Top of Records for processing

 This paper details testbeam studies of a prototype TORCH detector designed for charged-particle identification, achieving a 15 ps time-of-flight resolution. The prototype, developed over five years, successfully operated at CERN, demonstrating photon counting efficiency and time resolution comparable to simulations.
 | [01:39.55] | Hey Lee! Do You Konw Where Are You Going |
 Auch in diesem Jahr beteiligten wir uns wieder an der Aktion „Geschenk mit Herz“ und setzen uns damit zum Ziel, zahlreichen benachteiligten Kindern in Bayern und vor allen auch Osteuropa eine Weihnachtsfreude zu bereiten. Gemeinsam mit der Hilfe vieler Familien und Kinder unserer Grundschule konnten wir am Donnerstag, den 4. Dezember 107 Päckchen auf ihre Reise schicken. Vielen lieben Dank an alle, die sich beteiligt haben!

Bottom of Records for processing
Top of Records for processing

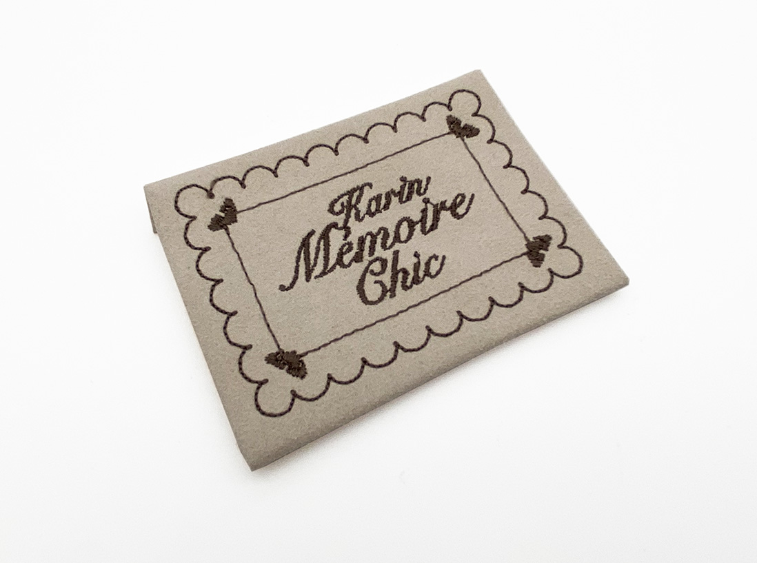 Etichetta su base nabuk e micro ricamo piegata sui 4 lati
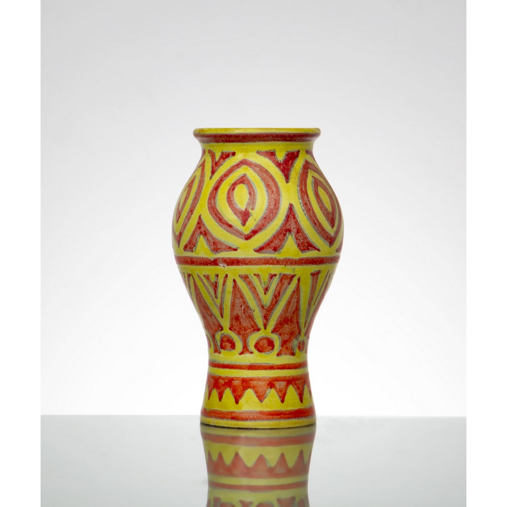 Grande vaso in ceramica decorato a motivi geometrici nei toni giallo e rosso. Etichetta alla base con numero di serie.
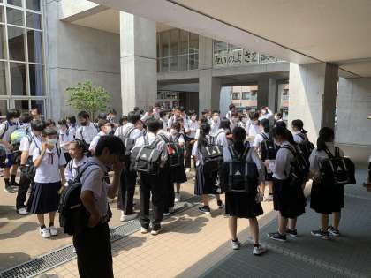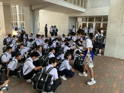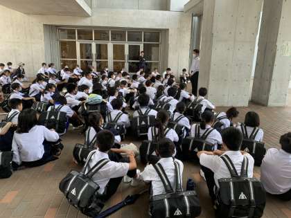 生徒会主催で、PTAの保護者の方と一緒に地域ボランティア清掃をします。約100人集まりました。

Bottom of Records for processing

# What is required
Look above for the line with "Etichetta su base"; quote it and every line after it, stopping after the line with "生徒会主催で、PTAの保護者", exactly, with nothing added and without pictures.

# Completed task
 Etichetta su base nabuk e micro ricamo piegata sui 4 lati
 Grande vaso in ceramica decorato a motivi geometrici nei toni giallo e rosso. Etichetta alla base con numero di serie.
 生徒会主催で、PTAの保護者の方と一緒に地域ボランティア清掃をします。約100人集まりました。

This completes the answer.